**Goal of the exercise**
Some entries follow. Reproduce exactly the lines starting at the one with "2K pohjamaali kivi-, betoni- ja" and stopping after the one with "صِحاحه: مَعافر، بفتح".

**Data for analysis**
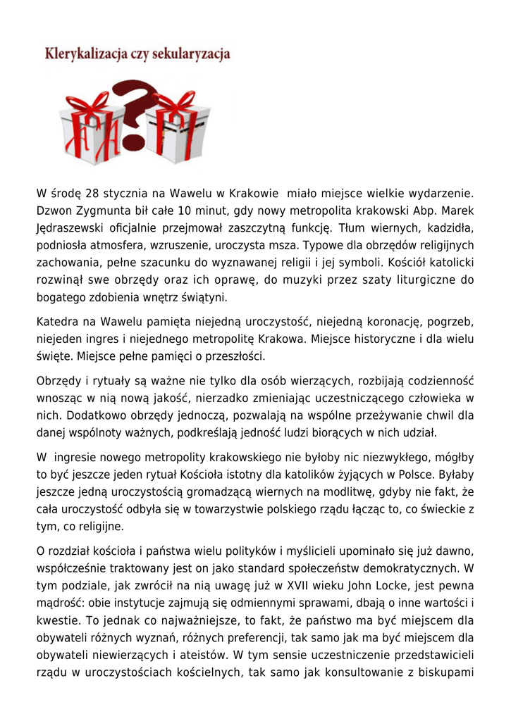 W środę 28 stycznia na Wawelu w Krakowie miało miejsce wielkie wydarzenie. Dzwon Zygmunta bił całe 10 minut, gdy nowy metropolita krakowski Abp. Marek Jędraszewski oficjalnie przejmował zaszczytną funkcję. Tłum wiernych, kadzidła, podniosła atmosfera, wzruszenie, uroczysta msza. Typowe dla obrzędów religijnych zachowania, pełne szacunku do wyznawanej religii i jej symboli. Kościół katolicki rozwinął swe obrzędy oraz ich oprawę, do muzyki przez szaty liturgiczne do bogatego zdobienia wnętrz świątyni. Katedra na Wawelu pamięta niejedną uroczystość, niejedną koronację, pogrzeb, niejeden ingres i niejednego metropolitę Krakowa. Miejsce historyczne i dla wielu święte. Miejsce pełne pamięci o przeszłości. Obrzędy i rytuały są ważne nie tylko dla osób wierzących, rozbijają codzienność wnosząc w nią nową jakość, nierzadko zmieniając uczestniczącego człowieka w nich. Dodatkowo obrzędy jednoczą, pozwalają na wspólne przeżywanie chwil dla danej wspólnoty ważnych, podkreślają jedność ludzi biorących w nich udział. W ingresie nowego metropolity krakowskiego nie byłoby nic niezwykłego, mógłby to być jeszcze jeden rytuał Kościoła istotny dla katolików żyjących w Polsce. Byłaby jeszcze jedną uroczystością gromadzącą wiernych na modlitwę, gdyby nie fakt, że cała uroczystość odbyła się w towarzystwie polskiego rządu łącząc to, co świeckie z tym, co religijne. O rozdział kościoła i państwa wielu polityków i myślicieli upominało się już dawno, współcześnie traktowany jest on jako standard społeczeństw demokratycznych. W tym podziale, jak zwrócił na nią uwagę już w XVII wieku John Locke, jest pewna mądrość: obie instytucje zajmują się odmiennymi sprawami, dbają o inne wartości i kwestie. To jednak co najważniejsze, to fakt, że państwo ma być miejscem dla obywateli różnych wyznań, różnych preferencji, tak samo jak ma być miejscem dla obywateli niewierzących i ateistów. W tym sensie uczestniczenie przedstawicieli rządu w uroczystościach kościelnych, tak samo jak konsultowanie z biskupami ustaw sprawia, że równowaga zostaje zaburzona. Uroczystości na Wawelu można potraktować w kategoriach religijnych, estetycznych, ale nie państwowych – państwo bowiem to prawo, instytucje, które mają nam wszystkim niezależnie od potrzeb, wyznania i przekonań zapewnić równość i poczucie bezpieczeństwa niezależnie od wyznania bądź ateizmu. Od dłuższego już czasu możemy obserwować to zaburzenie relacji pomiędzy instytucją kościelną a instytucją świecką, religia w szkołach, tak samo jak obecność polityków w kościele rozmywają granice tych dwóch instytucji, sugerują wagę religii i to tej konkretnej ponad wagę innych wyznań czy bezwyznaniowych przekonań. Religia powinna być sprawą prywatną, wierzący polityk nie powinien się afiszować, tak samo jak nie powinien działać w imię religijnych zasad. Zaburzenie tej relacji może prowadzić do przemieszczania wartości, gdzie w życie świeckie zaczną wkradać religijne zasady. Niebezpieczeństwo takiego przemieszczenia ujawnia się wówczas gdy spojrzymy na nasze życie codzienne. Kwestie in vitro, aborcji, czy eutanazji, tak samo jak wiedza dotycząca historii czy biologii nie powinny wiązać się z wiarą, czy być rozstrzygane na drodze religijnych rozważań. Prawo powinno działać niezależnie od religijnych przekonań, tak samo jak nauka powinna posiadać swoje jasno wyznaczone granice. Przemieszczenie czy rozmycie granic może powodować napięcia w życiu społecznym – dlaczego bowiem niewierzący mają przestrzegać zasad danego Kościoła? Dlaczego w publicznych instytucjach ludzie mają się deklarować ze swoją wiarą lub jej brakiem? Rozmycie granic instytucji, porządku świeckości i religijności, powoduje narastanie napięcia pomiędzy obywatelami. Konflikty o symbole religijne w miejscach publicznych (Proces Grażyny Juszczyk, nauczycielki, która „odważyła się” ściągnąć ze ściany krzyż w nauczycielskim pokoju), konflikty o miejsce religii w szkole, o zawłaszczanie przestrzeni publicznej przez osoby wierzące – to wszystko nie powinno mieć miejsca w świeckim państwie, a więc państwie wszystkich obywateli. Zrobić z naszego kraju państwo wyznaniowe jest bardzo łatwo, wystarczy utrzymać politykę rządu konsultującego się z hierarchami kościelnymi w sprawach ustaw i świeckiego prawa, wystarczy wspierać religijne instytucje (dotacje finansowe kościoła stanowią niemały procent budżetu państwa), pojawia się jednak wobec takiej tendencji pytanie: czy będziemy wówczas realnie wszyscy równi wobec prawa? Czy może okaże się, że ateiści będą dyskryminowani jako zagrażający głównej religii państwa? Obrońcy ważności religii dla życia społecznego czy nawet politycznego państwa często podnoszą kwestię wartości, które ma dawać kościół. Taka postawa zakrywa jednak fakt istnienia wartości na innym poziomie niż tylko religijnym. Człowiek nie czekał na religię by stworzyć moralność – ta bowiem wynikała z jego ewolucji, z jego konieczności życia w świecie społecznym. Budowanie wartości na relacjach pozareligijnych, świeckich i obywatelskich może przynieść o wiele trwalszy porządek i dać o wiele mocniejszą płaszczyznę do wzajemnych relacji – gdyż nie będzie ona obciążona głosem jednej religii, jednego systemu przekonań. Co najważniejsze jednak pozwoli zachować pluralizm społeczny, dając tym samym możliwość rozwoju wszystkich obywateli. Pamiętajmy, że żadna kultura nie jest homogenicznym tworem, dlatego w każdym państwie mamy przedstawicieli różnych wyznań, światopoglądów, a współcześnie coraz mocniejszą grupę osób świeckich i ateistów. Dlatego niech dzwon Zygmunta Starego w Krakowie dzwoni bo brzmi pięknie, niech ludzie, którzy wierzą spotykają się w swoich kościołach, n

==

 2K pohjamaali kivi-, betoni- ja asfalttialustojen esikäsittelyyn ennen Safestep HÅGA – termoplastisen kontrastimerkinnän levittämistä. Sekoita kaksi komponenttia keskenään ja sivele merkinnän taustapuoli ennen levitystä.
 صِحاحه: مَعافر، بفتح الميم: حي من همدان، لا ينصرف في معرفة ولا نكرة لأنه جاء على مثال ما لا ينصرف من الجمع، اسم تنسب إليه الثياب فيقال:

**Result for this task**
 2K pohjamaali kivi-, betoni- ja asfalttialustojen esikäsittelyyn ennen Safestep HÅGA – termoplastisen kontrastimerkinnän levittämistä. Sekoita kaksi komponenttia keskenään ja sivele merkinnän taustapuoli ennen levitystä.
 صِحاحه: مَعافر، بفتح الميم: حي من همدان، لا ينصرف في معرفة ولا نكرة لأنه جاء على مثال ما لا ينصرف من الجمع، اسم تنسب إليه الثياب فيقال:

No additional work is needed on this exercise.